# [EXERCISE BRIEF]
Pictures left aside, return the lines below exactly, from the one with "Thiết kế dạ" to the end, including both ends.

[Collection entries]
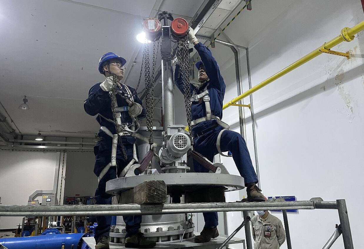 2021年11月,在2號機組自主檢修中,機械班技術(shù)員、專業(yè)技師陳文升負(fù)責(zé)技術(shù)供水系統(tǒng)主干路幾臺濾水器檢修維保工作。檢修工作中,陳文升發(fā)現(xiàn)存在細(xì)螺紋受力超負(fù)荷導(dǎo)致濾水器頂蓋滑落風(fēng)險隱患等問題,便帶領(lǐng)工作班成員李小剛、夏中帥等人仔細(xì)分析受力情況,多次繪圖試驗,利用廢棄的螺桿、鐵板制作出起吊專用工具,改進施工工藝方法,在不搭設(shè)腳手架的情況下,安全快速完成濾水器頂蓋起吊工作,收到人力和工期減少一半、根除頂蓋滑落隱患、減少計劃性項目改造費用的實效。
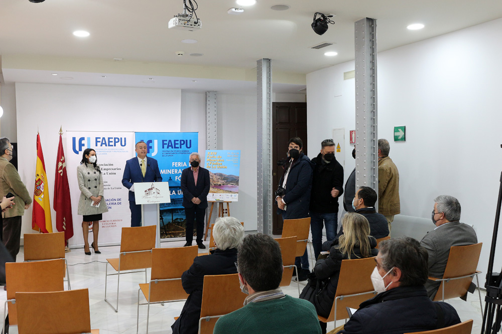 XXIIII Feria de Minerales y Fósiles Imágenes de Pedro A. López Presentación de la XXIV Feria de Minerales y Fósiles de la Unión en el Palacio de Aguirre de Cartagena, con la participación del presidente de la Federación de Empresarios y Profesionales de La Unión (Faepu) y del Comité Organizador de la Feria de Minerales y Fósiles de La Unión, Carlos Bernabé y la de María del Valle Miguélez, Consejera de Empresa, Empleo, Universidades y Portavocía de la Comunidad Autónoma de la Región de Murcia |
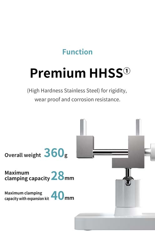 - Maximum clamping capacity 28mm, expandable to 40mm
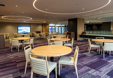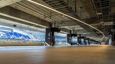 その外側に幅3mの人工芝エリアを設けており、フィールド全体は84m×121mとなっており、サッカー・ラグビーの公式戦開催が可能となります。 - その他 ・フィールドと観客席の距離は8mとなっております。
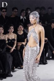 Thiết kế dạ hội với phom ôm cổ halter, tôn dáng sắc gọn. Các mảng cutout được xử lý tinh tế, tạo hiệu ứng gợi cảm vừa đủ. Chi tiết khoen kim loại kết hợp đá trên thân váy mang đến kết cấu hiện đại, giúp tổng thể nổi bật dưới ánh sáng sân khấu.
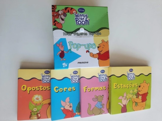 Baseado nas obras de "O Ursinho Pooh", este kit contém quatro livrinhos: estações, formas, opostos e cores.

# [OUTPUT BELOW]
 Thiết kế dạ hội với phom ôm cổ halter, tôn dáng sắc gọn. Các mảng cutout được xử lý tinh tế, tạo hiệu ứng gợi cảm vừa đủ. Chi tiết khoen kim loại kết hợp đá trên thân váy mang đến kết cấu hiện đại, giúp tổng thể nổi bật dưới ánh sáng sân khấu.
 Baseado nas obras de "O Ursinho Pooh", este kit contém quatro livrinhos: estações, formas, opostos e cores.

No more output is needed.